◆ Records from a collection

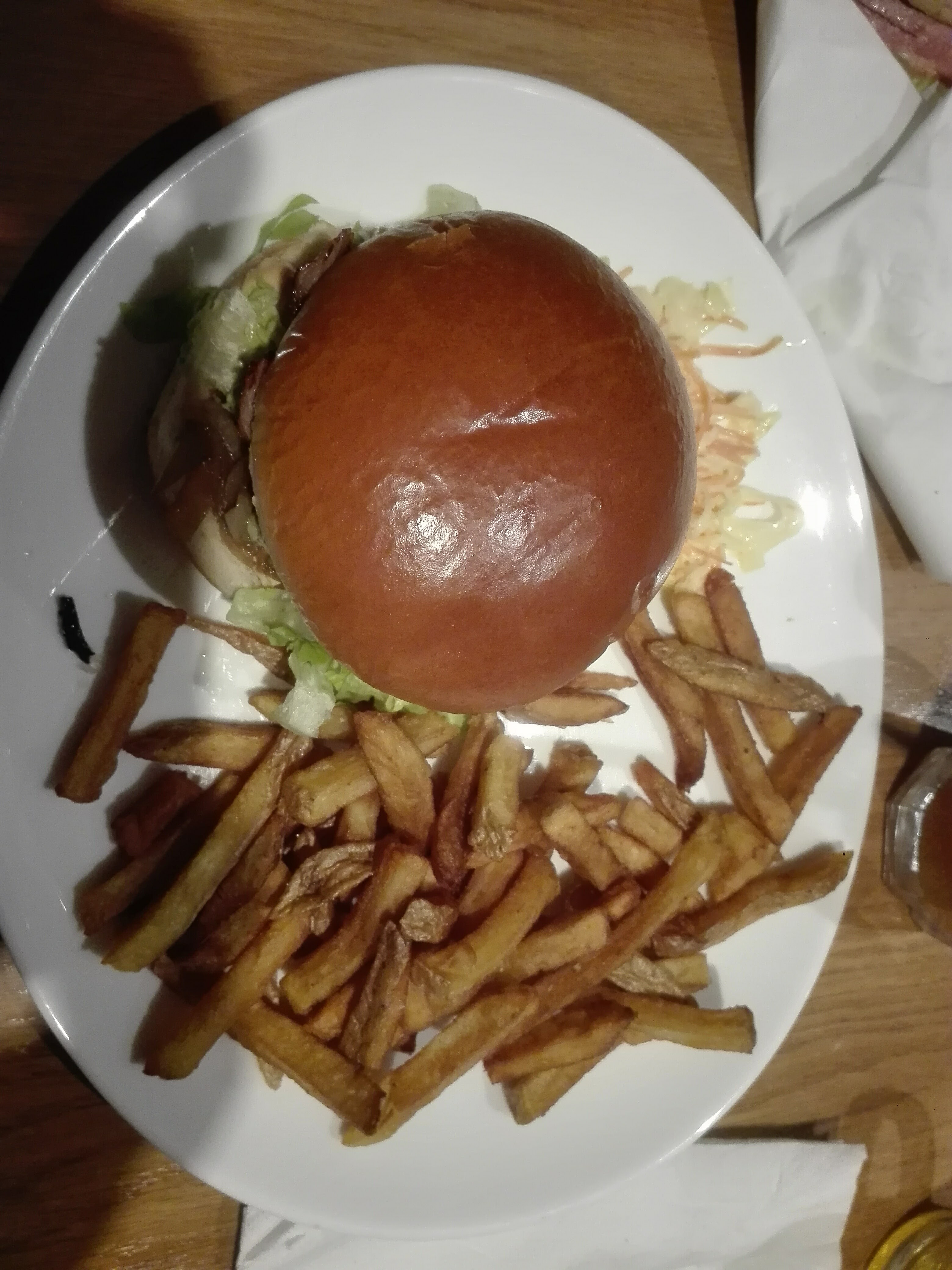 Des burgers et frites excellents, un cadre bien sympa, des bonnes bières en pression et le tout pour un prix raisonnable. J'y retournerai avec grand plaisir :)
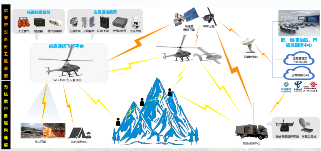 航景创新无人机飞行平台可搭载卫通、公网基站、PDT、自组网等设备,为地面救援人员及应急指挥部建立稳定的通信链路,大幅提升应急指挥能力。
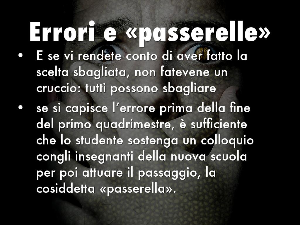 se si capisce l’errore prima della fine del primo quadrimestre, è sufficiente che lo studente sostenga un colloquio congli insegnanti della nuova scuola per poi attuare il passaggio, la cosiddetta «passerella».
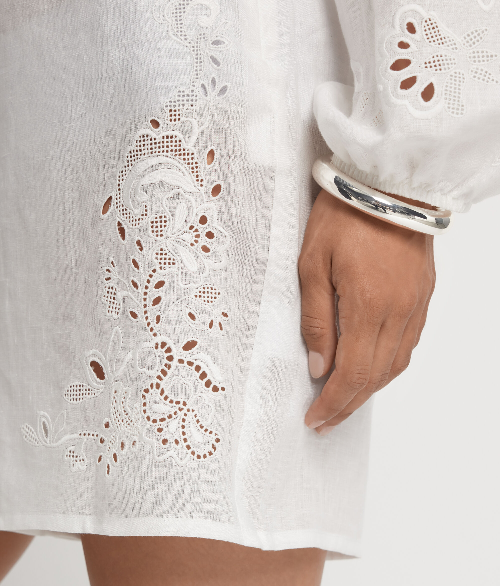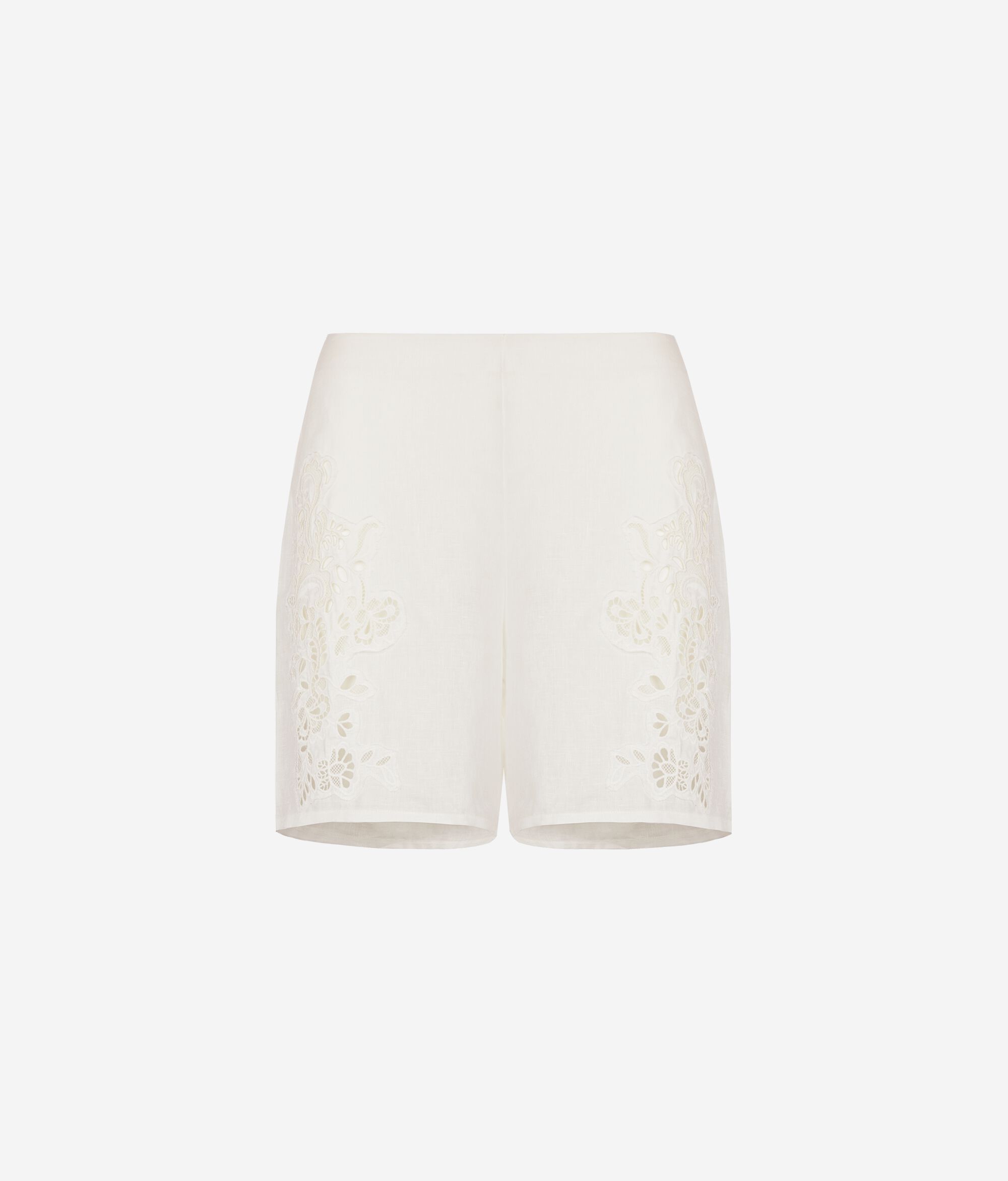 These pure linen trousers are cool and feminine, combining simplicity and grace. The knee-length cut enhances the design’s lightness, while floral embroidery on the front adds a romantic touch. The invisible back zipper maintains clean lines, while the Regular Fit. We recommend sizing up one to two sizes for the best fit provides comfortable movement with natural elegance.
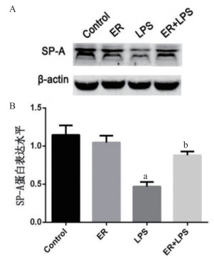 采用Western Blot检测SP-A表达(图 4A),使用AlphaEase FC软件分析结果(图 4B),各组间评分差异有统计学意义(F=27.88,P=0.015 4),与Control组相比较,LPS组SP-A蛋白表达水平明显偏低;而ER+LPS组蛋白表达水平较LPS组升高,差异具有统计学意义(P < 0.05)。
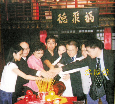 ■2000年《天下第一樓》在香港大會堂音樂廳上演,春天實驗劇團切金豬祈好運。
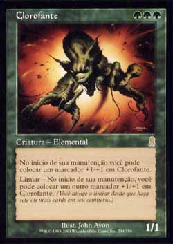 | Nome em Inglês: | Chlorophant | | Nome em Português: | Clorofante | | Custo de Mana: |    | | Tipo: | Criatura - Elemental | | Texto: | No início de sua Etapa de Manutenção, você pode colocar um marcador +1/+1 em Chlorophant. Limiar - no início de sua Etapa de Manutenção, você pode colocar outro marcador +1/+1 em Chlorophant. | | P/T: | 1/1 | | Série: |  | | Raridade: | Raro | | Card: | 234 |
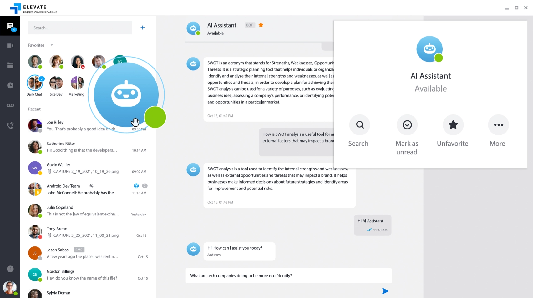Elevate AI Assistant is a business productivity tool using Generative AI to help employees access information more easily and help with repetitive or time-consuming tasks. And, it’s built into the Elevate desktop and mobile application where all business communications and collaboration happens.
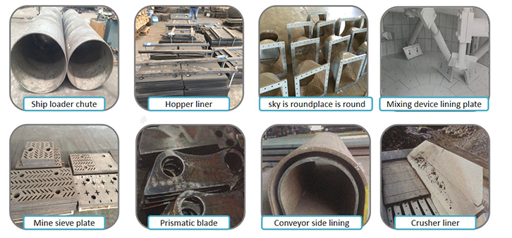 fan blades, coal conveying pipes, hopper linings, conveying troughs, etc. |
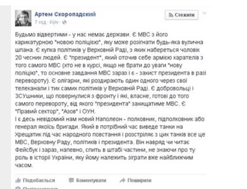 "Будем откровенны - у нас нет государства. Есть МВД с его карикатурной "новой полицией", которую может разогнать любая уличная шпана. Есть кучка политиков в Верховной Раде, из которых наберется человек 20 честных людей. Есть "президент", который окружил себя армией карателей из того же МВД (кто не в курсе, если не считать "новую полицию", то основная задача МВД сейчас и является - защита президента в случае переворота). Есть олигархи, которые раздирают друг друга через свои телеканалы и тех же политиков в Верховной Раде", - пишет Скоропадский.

◆ Task to carry out
Line for line, output the entries above from the line with "se si capisce" to the line with "fan blades, coal", both included, and nothing more. Skip pictures.

◆ Solution to this task
 se si capisce l’errore prima della fine del primo quadrimestre, è sufficiente che lo studente sostenga un colloquio congli insegnanti della nuova scuola per poi attuare il passaggio, la cosiddetta «passerella».
 These pure linen trousers are cool and feminine, combining simplicity and grace. The knee-length cut enhances the design’s lightness, while floral embroidery on the front adds a romantic touch. The invisible back zipper maintains clean lines, while the Regular Fit. We recommend sizing up one to two sizes for the best fit provides comfortable movement with natural elegance.
 采用Western Blot检测SP-A表达(图 4A),使用AlphaEase FC软件分析结果(图 4B),各组间评分差异有统计学意义(F=27.88,P=0.015 4),与Control组相比较,LPS组SP-A蛋白表达水平明显偏低;而ER+LPS组蛋白表达水平较LPS组升高,差异具有统计学意义(P < 0.05)。
 ■2000年《天下第一樓》在香港大會堂音樂廳上演,春天實驗劇團切金豬祈好運。
 | Nome em Inglês: | Chlorophant | | Nome em Português: | Clorofante | | Custo de Mana: |    | | Tipo: | Criatura - Elemental | | Texto: | No início de sua Etapa de Manutenção, você pode colocar um marcador +1/+1 em Chlorophant. Limiar - no início de sua Etapa de Manutenção, você pode colocar outro marcador +1/+1 em Chlorophant. | | P/T: | 1/1 | | Série: |  | | Raridade: | Raro | | Card: | 234 |
Elevate AI Assistant is a business productivity tool using Generative AI to help employees access information more easily and help with repetitive or time-consuming tasks. And, it’s built into the Elevate desktop and mobile application where all business communications and collaboration happens.
 fan blades, coal conveying pipes, hopper linings, conveying troughs, etc. |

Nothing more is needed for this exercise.